Girls' school in Bradford, West Yorkshire, England

Belle Vue Girls' Academy (formerly Belle Vue Girls' School) is a girls' secondary school and sixth form located in Bradford, West Yorkshire, England.

==History==
The school was founded in 1877 as The Girls' Higher Grade School, on Manningham Lane. In 1904, the name was changed to Belle Vue Girls' Secondary School. During the First World War, the school offered additional evening classes for women who worked during the day in the factories. During the Second World War, the army briefly occupied the building, and the students were sent elsewhere. The school was moved to its present site in 1971, with Margaret Thatcher in attendance at the opening ceremony.

In 2008 Belle Vue Girls School became a Specialist in Languages and a Science College.

In 2011, there were nearly 1200 students on roll and nearly 300 in the Sixth form.
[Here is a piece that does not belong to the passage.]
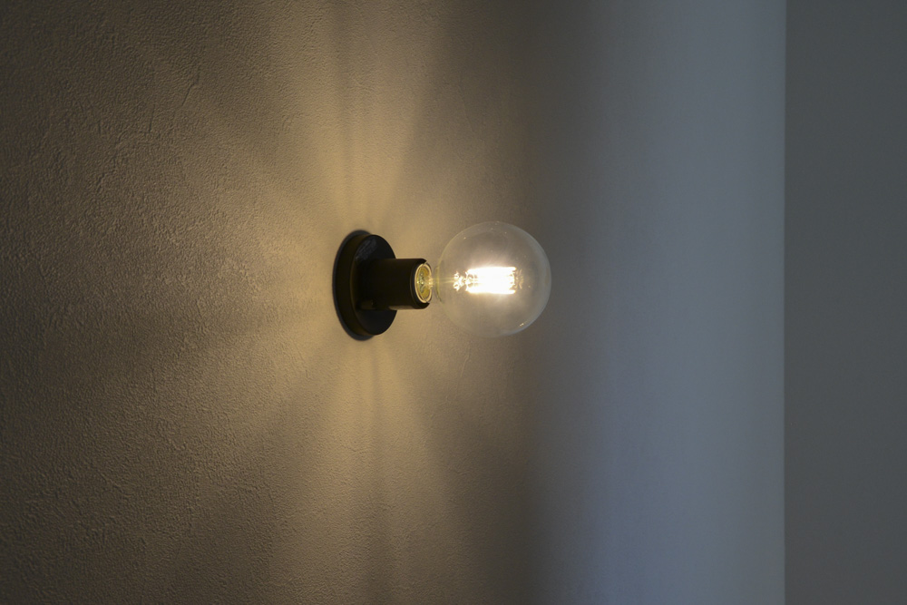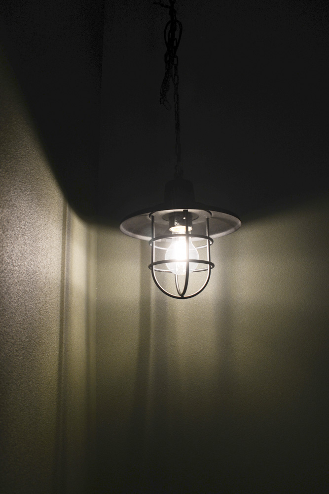 1階トイレスペース壁全面グリーンのクロスで仕上げ、ペンダントライトがほんのり灯る、おしゃれなトイレスペース。
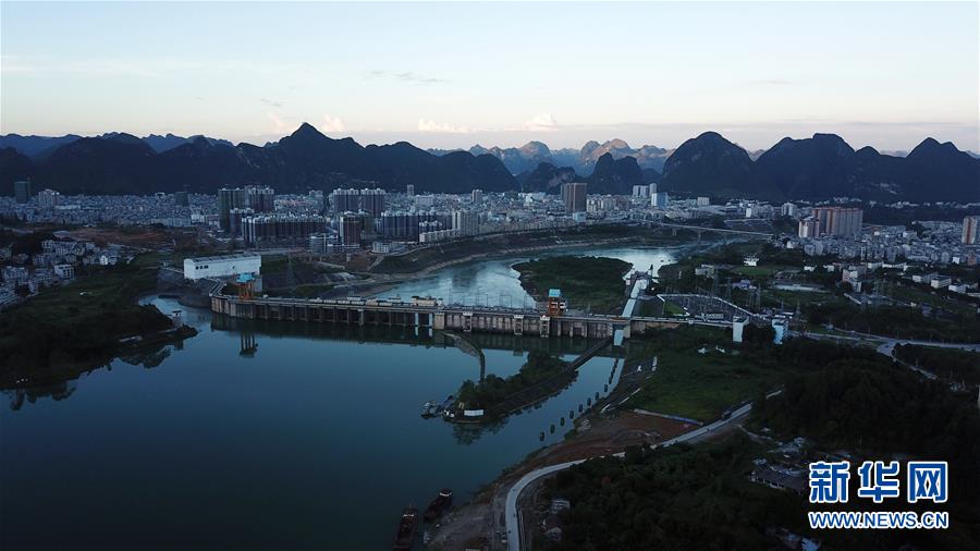 这是位于广西大化县境内的大化水电站(9月19日无人机拍摄)。新华社记者张爱林摄

The school has now been extended and there are eight new classrooms and a dance studio.

Previously a community school administered by City of Bradford Metropolitan District Council, in April 2012 Belle Vue Girls' School converted to academy status and was renamed Belle Vue Girls' Academy. The school is now sponsored by the Bradford Diocesan Academies Trust.